Suriye'nin Humus kentinde Esed rejiminin saldırıları sonucu duyma yetisini kaybeden 4 yaşındaki Ahmet Taha 3 ay önce geldiği Türkiye'de ödünç işitme cihazıyla duymaya başladı.

Humus'tan Reyhanlı'ya gelen aile, bombalı saldırılarda işitme konuşma yetisini kaybeden çocuklarına işitme cihazı alabilmek için kendilerine uzanacak yardım elini bekliyor.
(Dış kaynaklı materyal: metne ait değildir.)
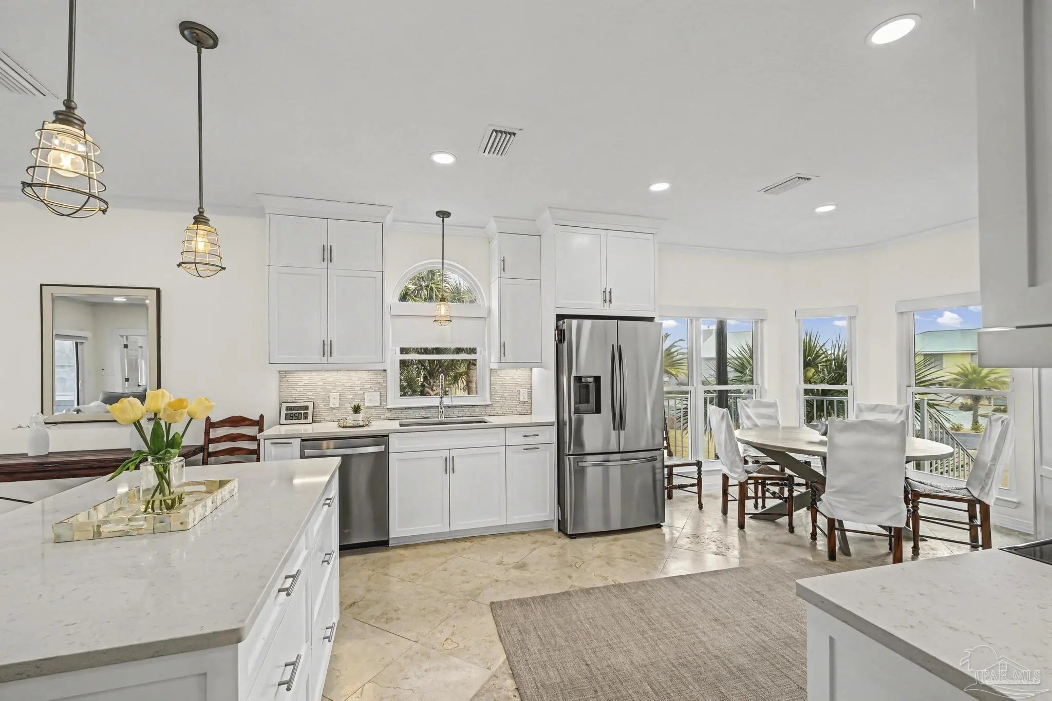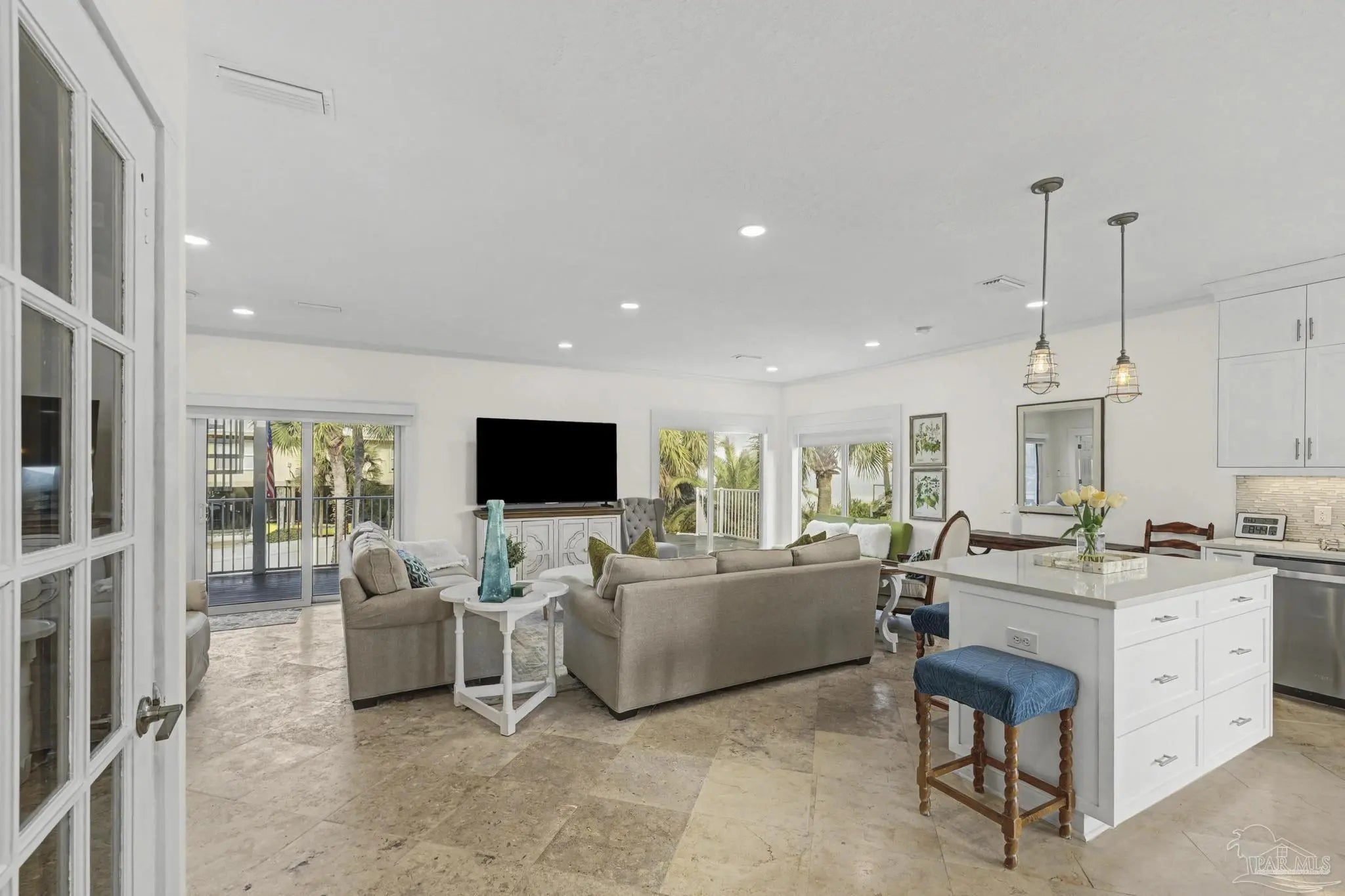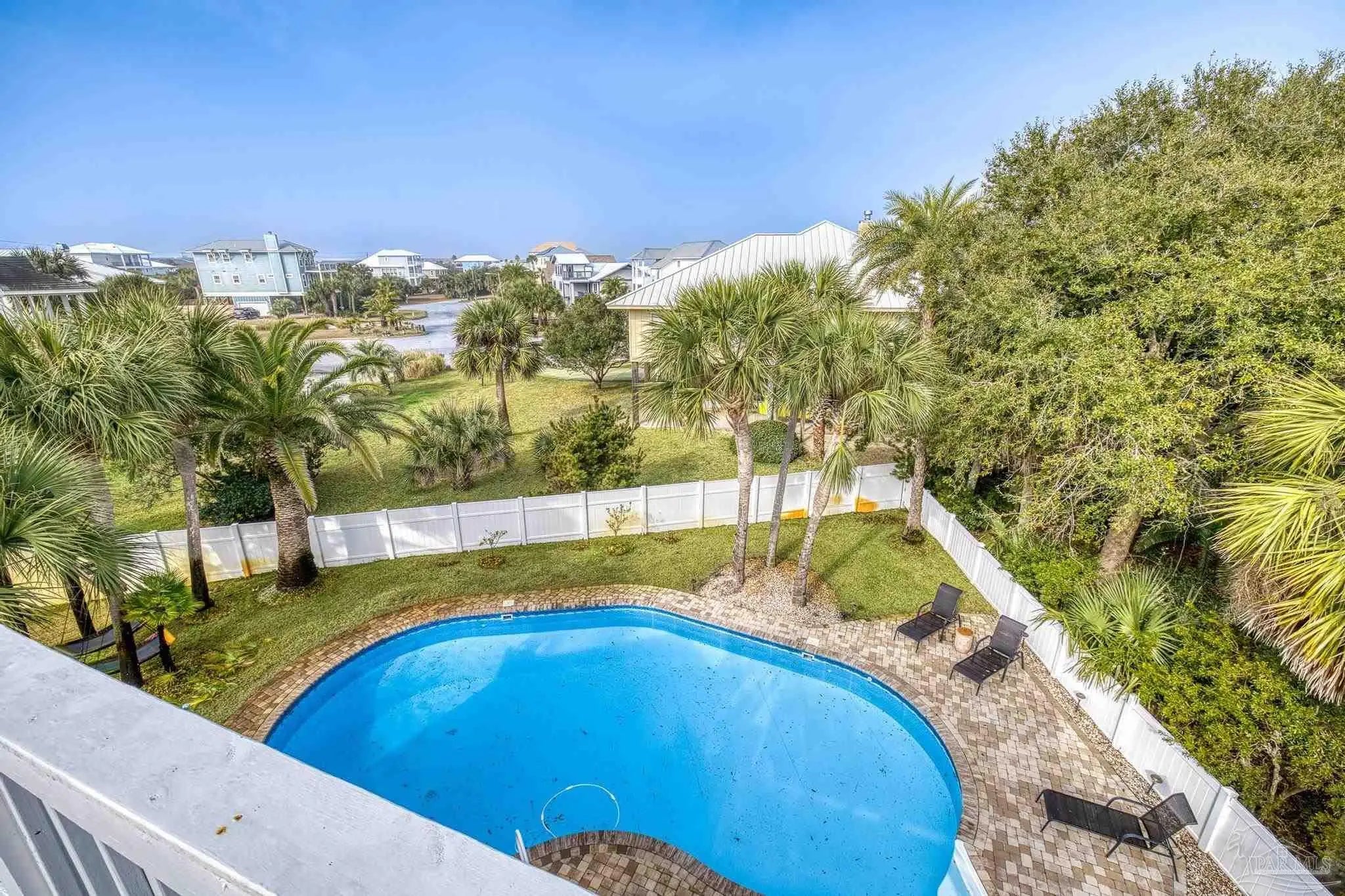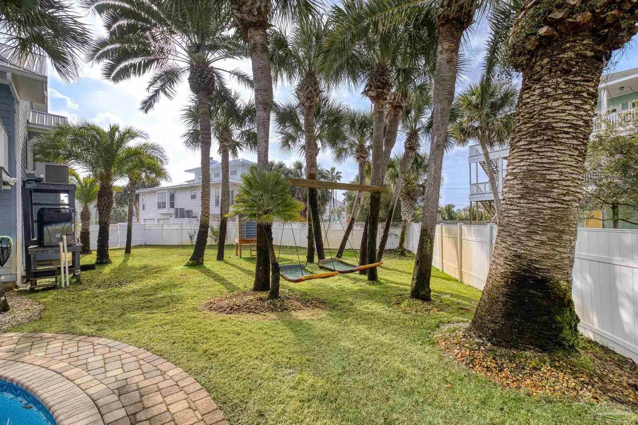 Experience coastal living at it's finest in this stunning pool home with sweeping views of the Santa Rosa Sound. Perfectly positioned to capture beautiful views and Gulf Breezes, this 3 bedroom 2 and a half bath Island gem blends relaxed beach vibes with modern comfort. Step inside, you'll find continuous travertine flooring in this open concept living space filled with natural light. Large windows and spacious balconies showcase the expansive backyard and pool. Enjoy the seamless connection between indoor and outdoor living. The well appointed kitchen features ample cabinetry, stainless steal appliances, quartz countertops, an island, and a breakfast nook. It's an ideal layout for gathering family and friends. The primary suite is large enough for a separate seating area, access to the outdoor decks and backyard views. An updated en-suite bath completes the space. And as an added bonus the washer/dryer closet is easily accessible. Two additional bedrooms provide comfortable space for guests or family. One comes with it's own half bath. Another full bathroom is down the hallway. Tired of taking the stairs? Use the elevator to access the 2 car oversized garage. Bring your beach toys, your hobbies, your golf cart, your dreams. There is plenty of room. The yard is a private oasis, take a dip in the oversized heated saltwater pool or just sway away on a yard swing. This home is located in the Sugar Bowl neighborhood which does not allow short term rentals. Come grab the ultimate beach lifestyle.
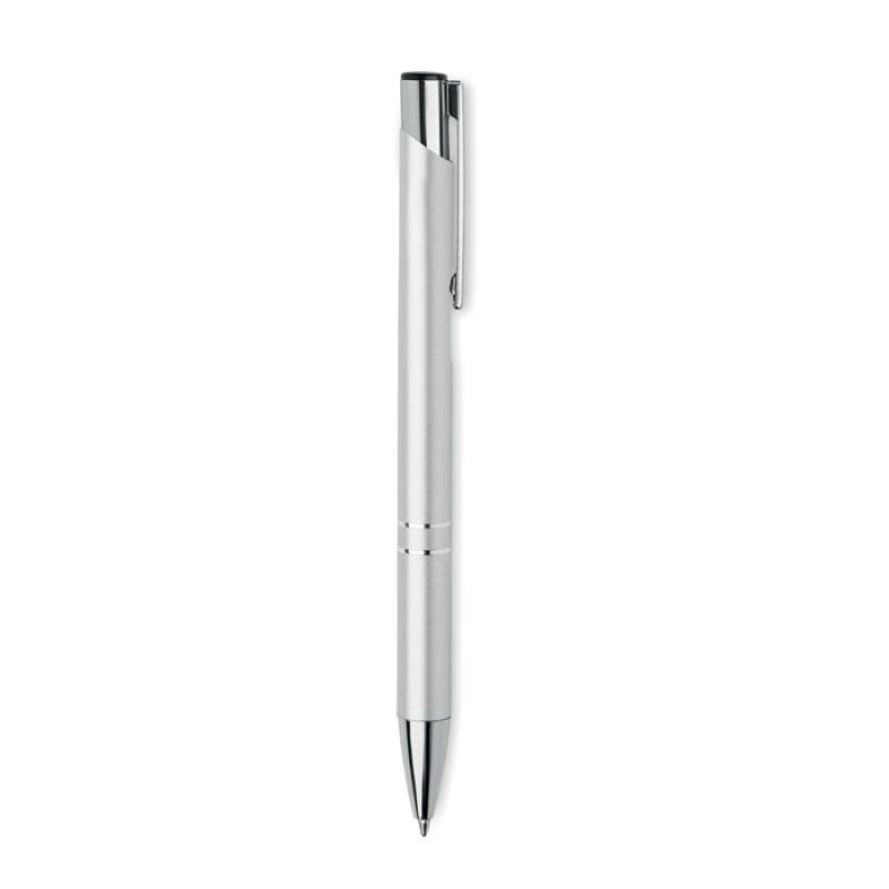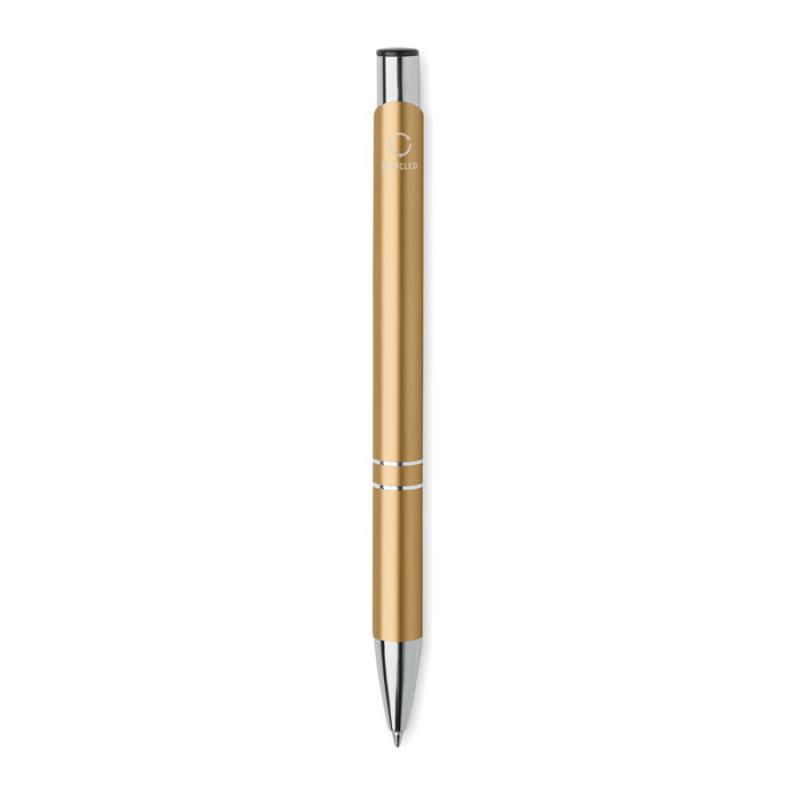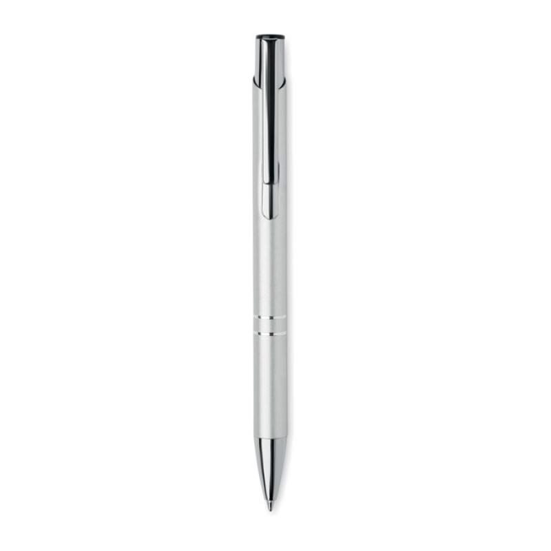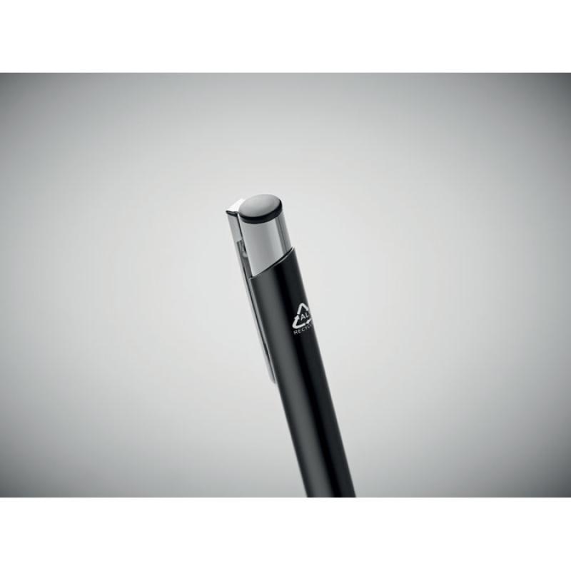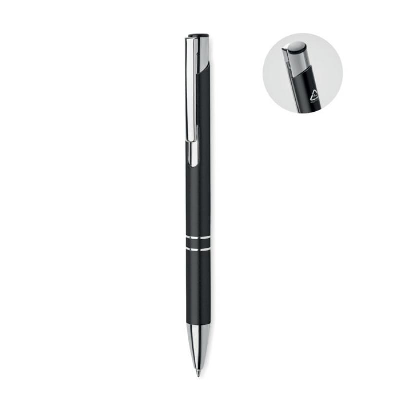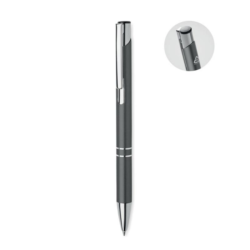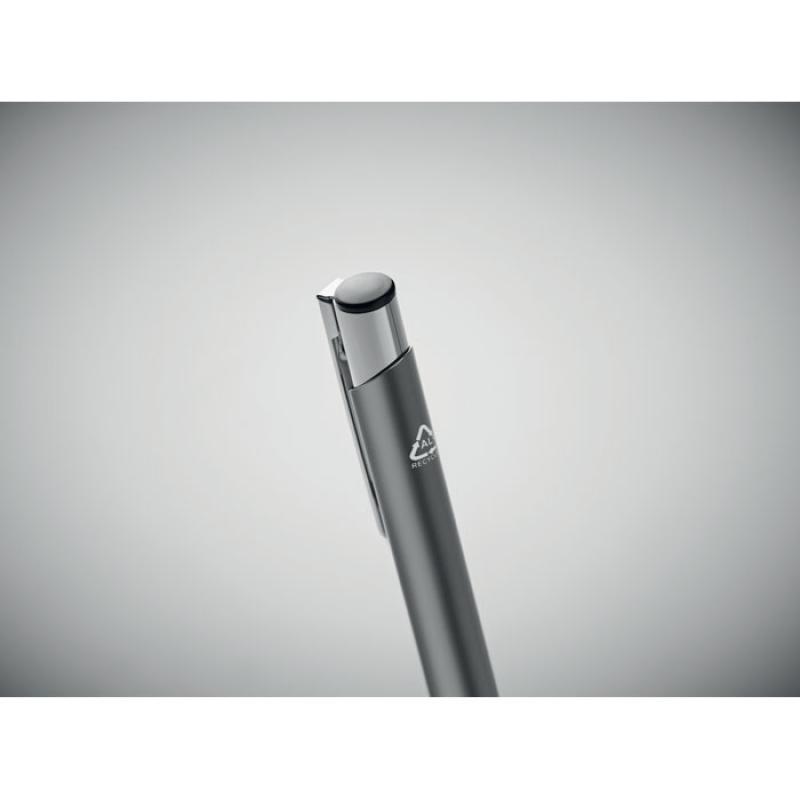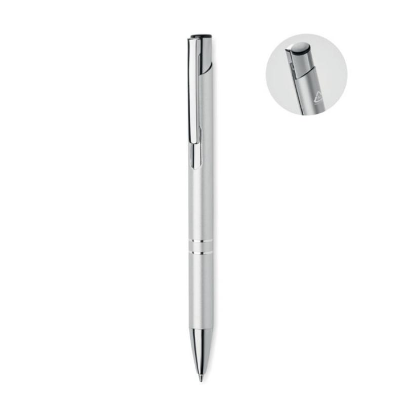 Bolígrafo con pulsador de aluminio reciclado. Tinta azul.

Ahmet Taha, rejim kuşatmasındaki Humus El-Waar bölgesinde savaş uçaklarından atılan bombalar sonucu konuşma ve işitme yetisini kaybetti.

Baba Talal Alkashak, Suriye'de acı dolu 5 yıl yaşadıklarını söyledi.

El-Waar bölgesinde rejimin kuşatmasının kendilerinde derin acılar bıraktığını belirten Alkashak, ''3 evladım için dayandım. Bizim gibi birçok aile perişan haldeydi. Abluka bölgesinden çıkmaya çalışan 4 yakınımdan bir daha haber alamadık.'' dedi.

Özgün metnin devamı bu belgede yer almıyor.